Task instructions: Please take the lines from the one holding "古い棚の上で寝ている。" through the one holding "当日はあいにくの雨模様(その" in the data below and copy them exactly.

Dataset content:
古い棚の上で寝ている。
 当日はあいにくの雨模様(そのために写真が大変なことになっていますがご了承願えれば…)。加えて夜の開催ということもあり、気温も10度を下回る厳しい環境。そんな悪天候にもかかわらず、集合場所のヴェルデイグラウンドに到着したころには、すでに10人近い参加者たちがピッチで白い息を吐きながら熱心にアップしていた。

* * *

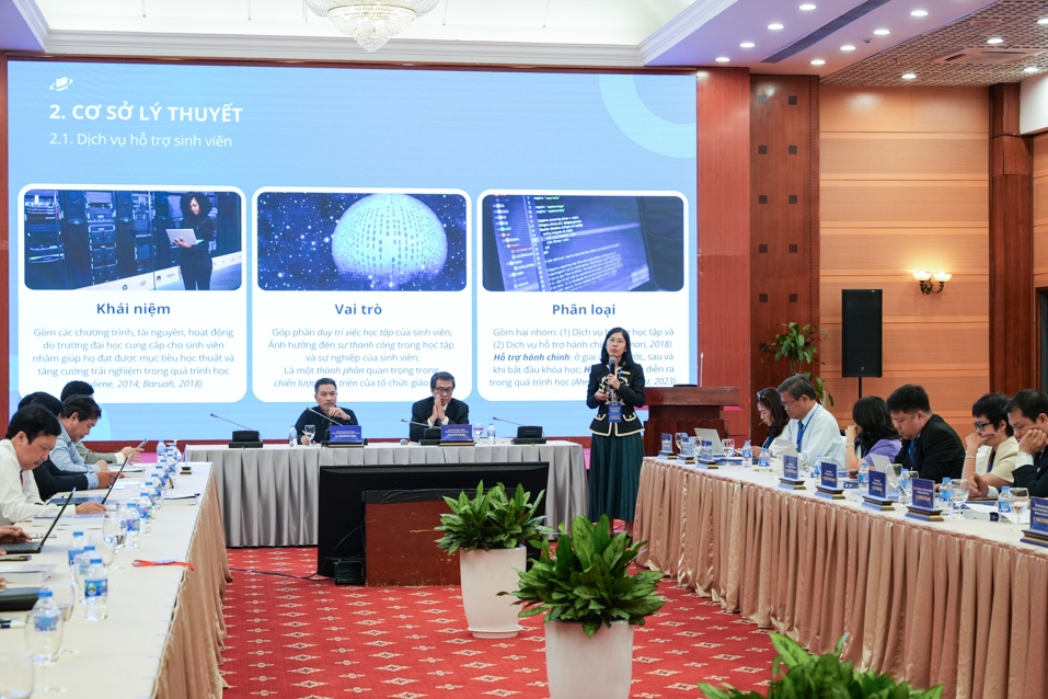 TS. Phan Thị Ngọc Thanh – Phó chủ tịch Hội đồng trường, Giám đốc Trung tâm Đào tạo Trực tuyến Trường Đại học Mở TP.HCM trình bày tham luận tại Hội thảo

--

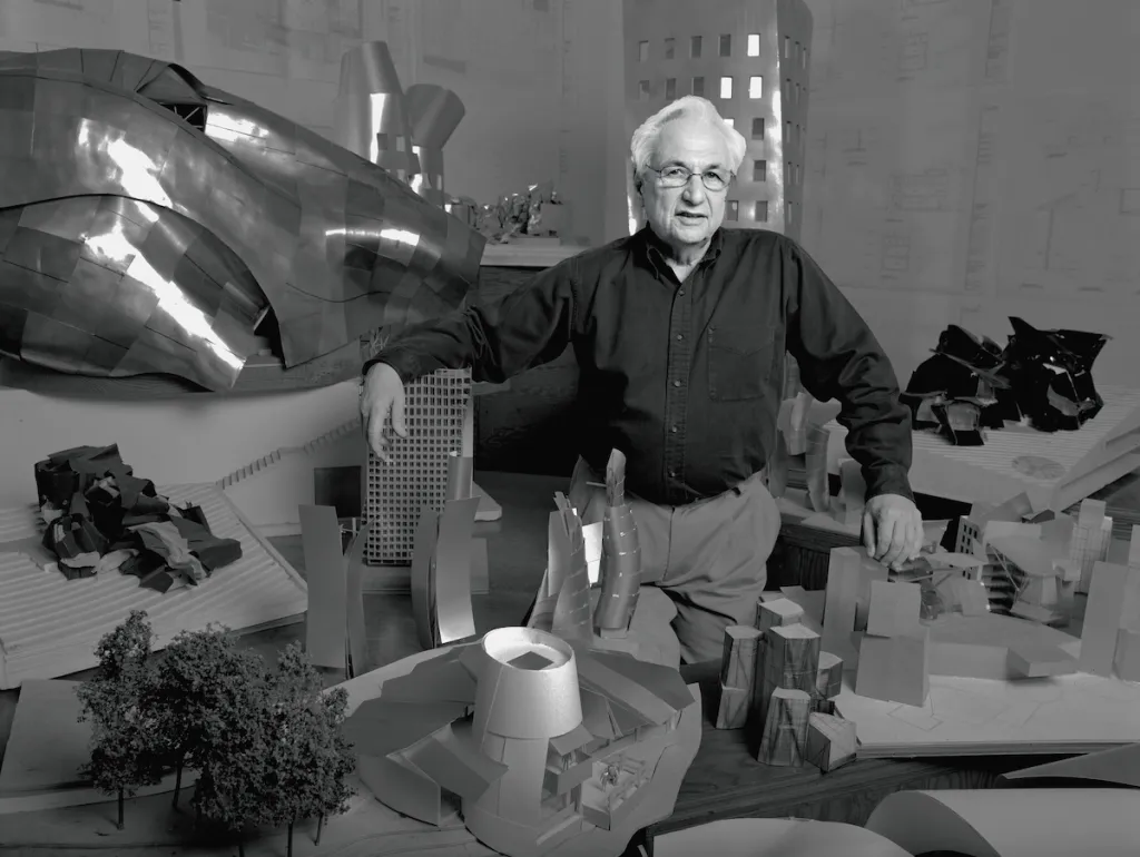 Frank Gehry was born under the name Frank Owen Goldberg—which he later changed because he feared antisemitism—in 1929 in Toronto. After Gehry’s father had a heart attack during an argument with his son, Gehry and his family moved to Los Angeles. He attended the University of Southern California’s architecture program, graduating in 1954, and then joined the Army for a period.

Solution to the problem:
古い棚の上で寝ている。
 当日はあいにくの雨模様(そのために写真が大変なことになっていますがご了承願えれば…)。加えて夜の開催ということもあり、気温も10度を下回る厳しい環境。そんな悪天候にもかかわらず、集合場所のヴェルデイグラウンドに到着したころには、すでに10人近い参加者たちがピッチで白い息を吐きながら熱心にアップしていた。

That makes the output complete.